_Given data_:

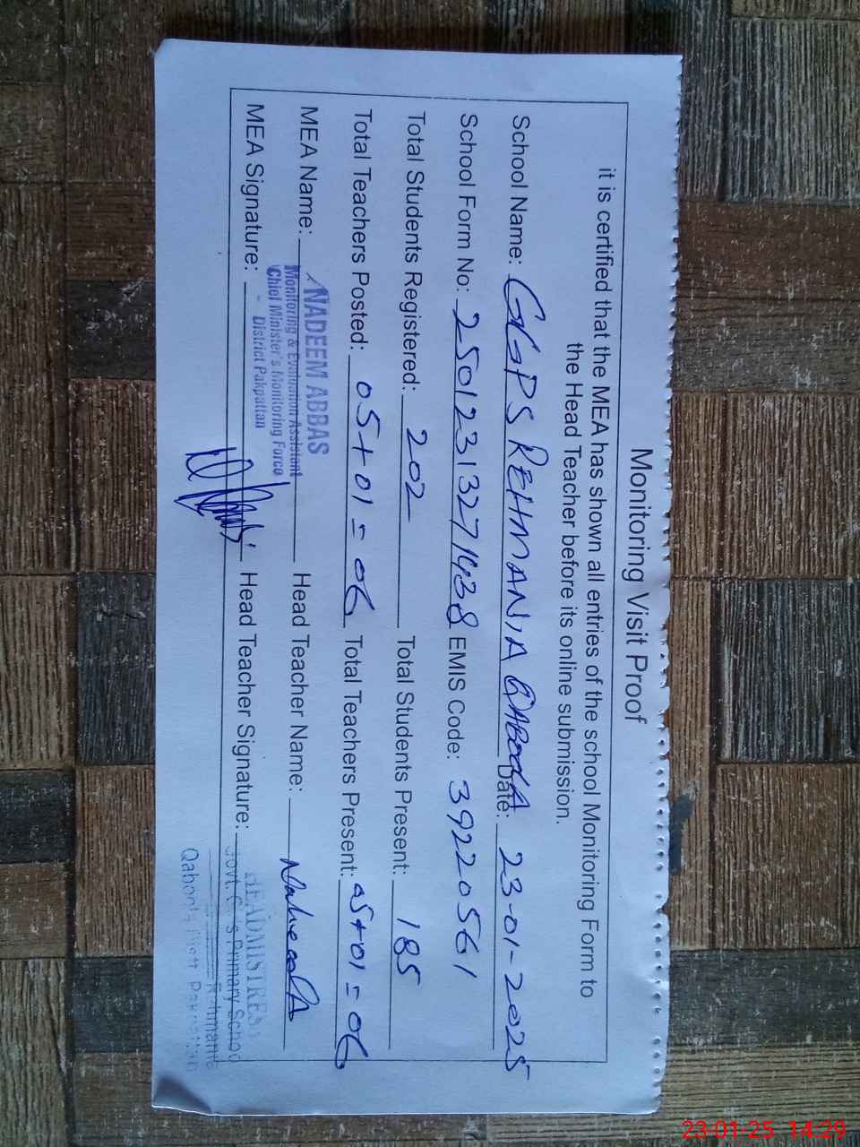 | EMIS Code: 39220561 | Name of School: GGPS REHMANIA QABOOLA | |||
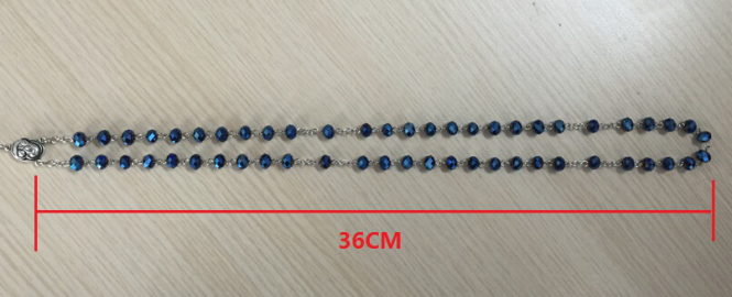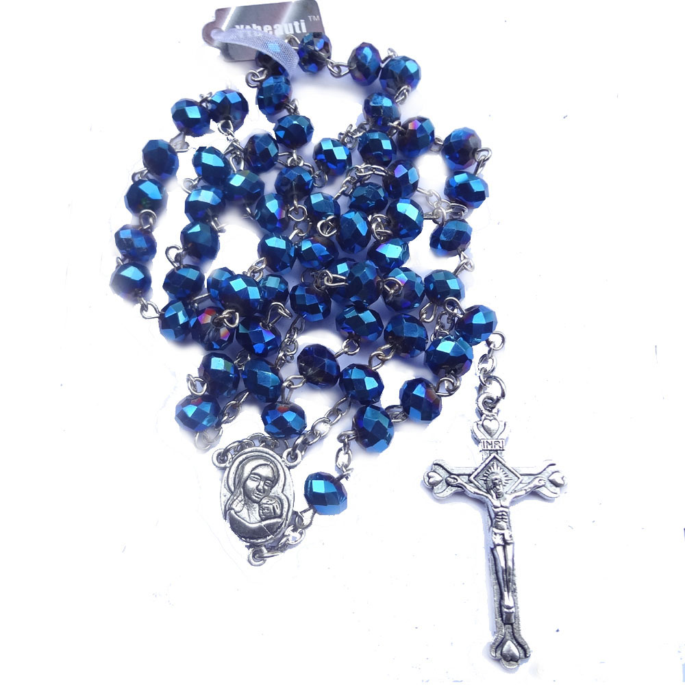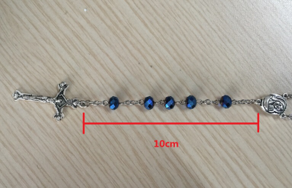 電商外貿(mào)產(chǎn)品8mm藍色水晶念珠十字架項鏈禮品批發(fā)
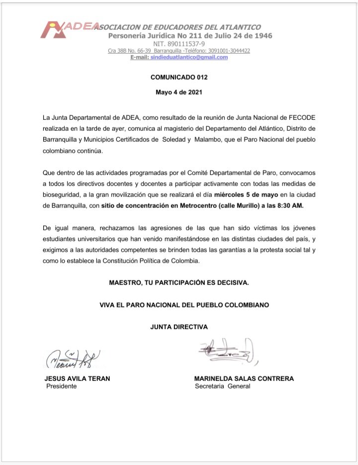 Asi lo confirmó el Presidente de la Asociación de Educadores del Atlántico ADEA, Jesús Ávila, quien a través de comunicado de fecha de hoy asegura que la Junta Departamental ADEA como resultado de la reunión de la junta nacional de FECODE realizada en la tarde de ayer comunicó al magisterio del departamento del Atlántico, Barranquilla, Soledad y Malambo que el paro nacional continúa y en el Atlántico permanecen en pie de lucha.
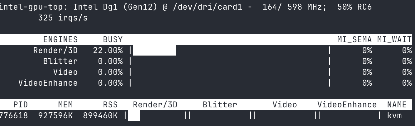 On the host, intel_gpu_top shows ~25% GPU when fighting, with effects default to high and 60fps. I'm using intel SG1, which is designed to handle multiple gaming sessions per card.
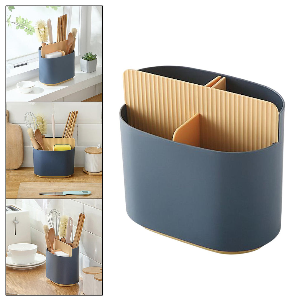 Maxbell Chopstick Storage Holder Cutlery Drain Rack for Kitchen Countertop Cutlery Dark Blue
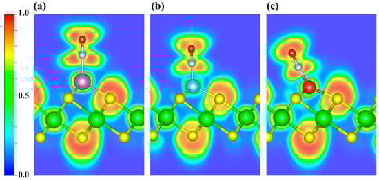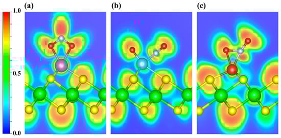 ELF distributions of NO adsorbed on (a) Sc-, (b) Ti-, and (c) V-decorated ZrS2 systems. The plots highlight the ELF features around the adsorption sites. Blue and red denote ELF values of 0 and 1, respectively.
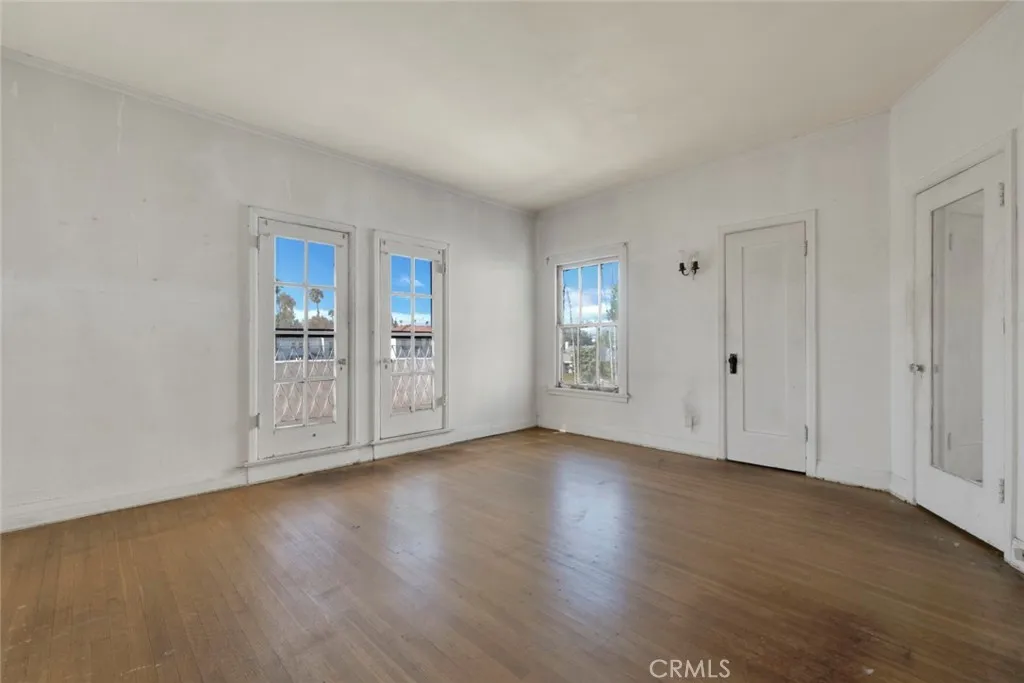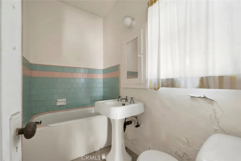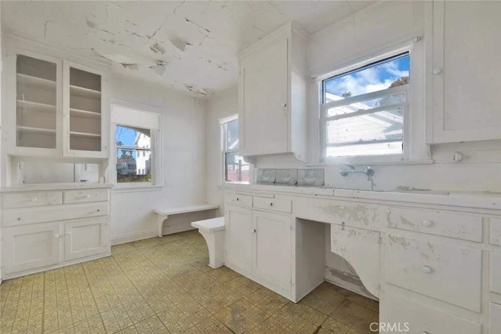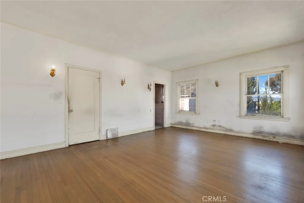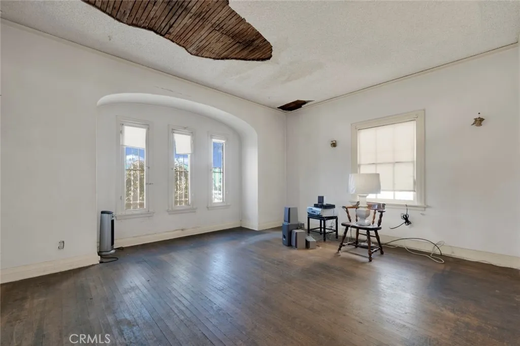 This grand Spanish Colonial Revival in coveted Country Club Park awaits a true visionary ready to restore it to its former splendor. Designed by notable 1920s female architect Anna C. Geck, who was responsible for many similar residences throughout Los Angeles and Orange Counties, the home reflects the elegance and craftsmanship of its era. Much of the original character remains intact, including vintage tile surrounding the fireplace, graceful arched windows, original hardwood floors, and many period light fixtures. The main level offers expansive formal living and dining rooms, a front parlor that may have originally served as two bedrooms, a kitchen with adjacent breakfast room, and a small bedroom and bath that once functioned as maids quarters. Upstairs, four generously sized bedrooms are served by two classic Jack-and-Jill bathrooms. At the rear of the property sits a detached one-bedroom, one-bath guest house of approximately 658 square feet, along with a three-car garage. Located within a Historic Preservation Overlay Zone, this property requires substantial renovation to its systems and structure, presenting a rare and meaningful opportunity to thoughtfully revive a significant architectural gem.
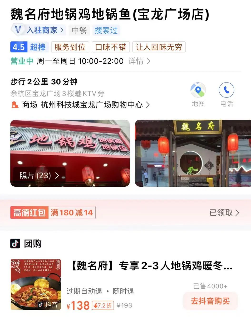 这次世超高德仔细翻了翻,倒也不是所有的店都有抖音团购,大部分还是高德自己的本地生活业务。

_Aim of the task_: Give again exactly the lines running from the beginning of the material above through the line that contains "Asi lo confirmó", and leave out every picture.

_Result of the exercise_:
 | EMIS Code: 39220561 | Name of School: GGPS REHMANIA QABOOLA | |||
 電商外貿(mào)產(chǎn)品8mm藍色水晶念珠十字架項鏈禮品批發(fā)
 Asi lo confirmó el Presidente de la Asociación de Educadores del Atlántico ADEA, Jesús Ávila, quien a través de comunicado de fecha de hoy asegura que la Junta Departamental ADEA como resultado de la reunión de la junta nacional de FECODE realizada en la tarde de ayer comunicó al magisterio del departamento del Atlántico, Barranquilla, Soledad y Malambo que el paro nacional continúa y en el Atlántico permanecen en pie de lucha.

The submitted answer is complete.